IMPLEMENTATION DETAILS
    GoogleHack is made up of 5 PERL modules:

            1) GoogleHack.pm

            2) Rate.pm

            3) Search.pm

            4) Text.pm

            5) Spelling.pm
        
  GoogleHack.pm
    GoogleHack.pm ties together all the functionality of the Rate,
    Search,Text and Spelling modules. Hence, by just creating an object of
    type GoogleHack, the user will be able to call all the functions of the
    other modules. In addition to acting as a single interface to the other
    modules, GoogleHack.pm also provides the functions to find the set of
    related words.

    Google Hack supports two methods for finding sets of related words. These
    are known as Algorithm 1 and Algorithm 2  
    (http://search.cpan.org/~prath/WebService-GoogleHack-0.11/GoogleHack/GoogleHack.pm#PACKAGE_METHODS). 
    These algorithms are implemented in the module GoogleHack.pm. You can see an example program
    that calls these algorithms here 
    (http://search.cpan.org/~prath/WebService-GoogleHack-0.11/GoogleHack/Examples/WordCluster.pl)
    
  Rate.pm
    Rate.pm is the sub-module of GoogleHack that implements all the
    sentiment classification and relatedness measures of GoogleHack.
    Functions include,

            * Predict the semantic orientation of words
            * Predict the semantic orientation of phrases
            * Predict the semantic orientaiton of reviews
            * Measure the semantic relatedness between words

    Though the functions in this module can be accessed directly, it is
    advised to use the GoogleHack module to interact with this module.

  Search.pm
    Search.pm is the sub-module of GoogleHack that implements the feature
    that interacts with the Google search engine. Though the search
    functions in this module can be accessed directly, it is advised to use
    the GoogleHack module to interact with this module.

  Spelling.pm
    Spelling.pm is the sub-module of GoogleHack that implements the spelling
    suggestion feature of Google. Though the spelling suggestion functions
    in this module can be accessed directly, it is advised to use the
    GoogleHack module to interact with this module.

  Text.pm
    Text.pm is the sub-module of GoogleHack that implements the text
    processing functions. Basic features include,

            * Retrieve words from text
            * Retrieve n-word sentences from text
            * Remove formatting such as HTML tags from text

    These features are used by some of the other modules of GoogleHack.

DEPENDENCIES
    This module requires these other modules and libraries:

    To use this package, you need to have a Google API ID, and the
    GoogleSearch.WSDL File.

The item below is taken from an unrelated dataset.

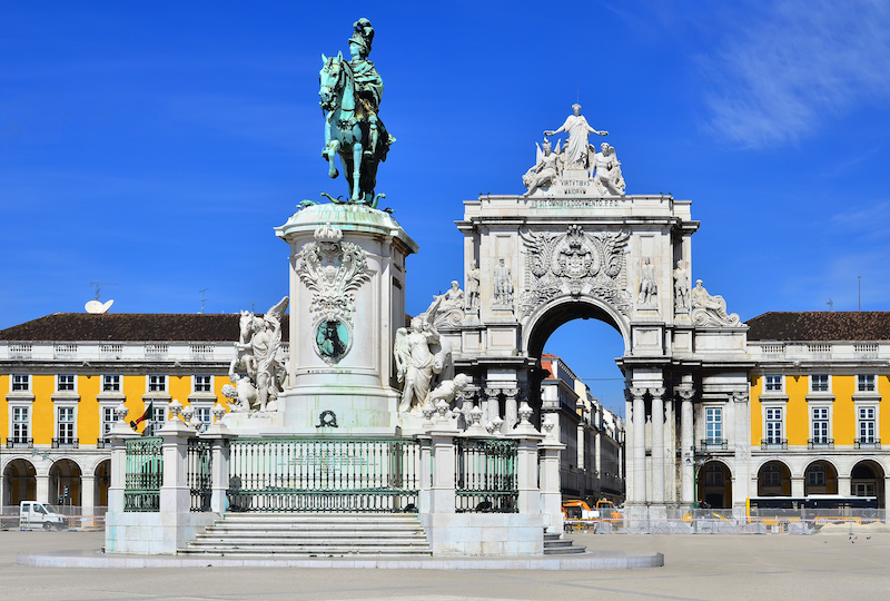 Praça do Comércio is Lisbon’s largest city square and was originally built as a welcoming point for visitors arriving from the Tagus River. The beautiful square is lined on two sides with porticoes. On the third side is Rua Augusta arch which was built to commemorate the city’s reconstruction after the 1755 earthquake. The arch, which is adorned with statues, is over 100-foot high and leads through to Lisbon’s main pedestrian street. Daffodil yellow paintwork each side of the arch contrasts nicely with the city’s yellow trams which stop opposite making for a great Instagram shot. The square is usually packed so you’ll need to get there early for the best shots.
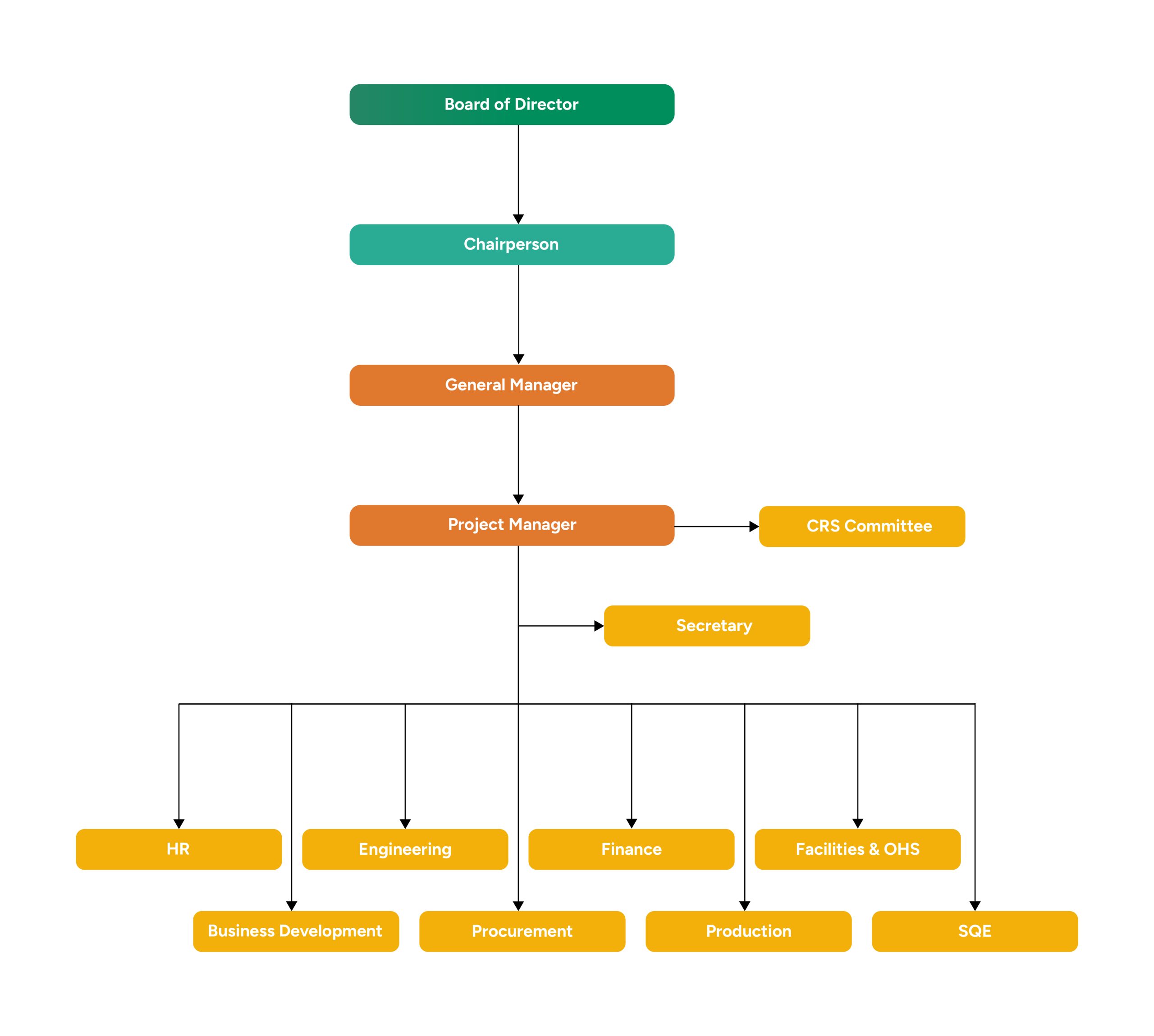 In FY2025, 2 important departments (Engineering and Business Development) have been added to be part of the sustainability governance structure. Below is the sustainability organization chart:

You can register for this service and download
    the required materials @ http://www.google.com/apis/

    Other packages that you will need:

    (See INSTALL file more more information on how to install these
    packages)

    * SOAP::Lite

    * HTML::TokeParser

    * Text::English

    * LWP

    Additional Package if using Sentiment Classification functions:

    * Brill Tagger (This is not a PERL module - See INSTALL file more more
    information)

DEMONSTRATION
    To use the GoogleHack package include the following command at the
    beginning of your program:

    use WebService::GoogleHack;

    This command creates a new instance of GoogleHack called "google":

    $google = new WebService::GoogleHack;

    $PATHCONFIG="";

    $PATHREVIEW="";

    This command initializes the "key" and "Google WSDL" file path:

    $google->initConfig("$PATHCONFIG");

    $correction=$google->phraseSpelling("dulut");

    $results=$google->Search("duluth");

    print $google->{'searchTime'};

    print $google->{'snippet'}->[0];;

    $results=$google->measureSemanticRelatedness("knife","cut");

    $google->predictSemanticOrientation("$PATHREVIEW","excellent","poor");

    my @terms=();

    push(@terms,"gun");

    push(@terms,"pistol");

    $results=$google->wordClusterInPage(\@terms,10,25,1,"results.txt","true"
    );

    print "\n Algorithm 1 Results \n$results";

    push(@terms,"machine gun");

    $results=$google->Algorithm2(\@terms,10,15,10,1,1,35,"results.txt","true
    ");

    print "\n Algorithm 2 Results \n$results";

    $google->predictWordSentiment("$PATHREVIEW","excellent","bad");

    print "\n Word Sentiment Results \n$results";

DOCUMENTATION
    POD style documentation is included in all modules and scripts You can
    look @ `perldoc GoogleHack` for more information about the specifics of
    each module. The description of each method in the modules is also
    given.

SUPPORT & CREDITS
    Questions about how to use this library should If you have any questions
    or suggestions you e mail Pratheepan Raveendranathan
    (rave0029@d.umn.edu) or Ted Pedersen (tpederse@d.umn.edu).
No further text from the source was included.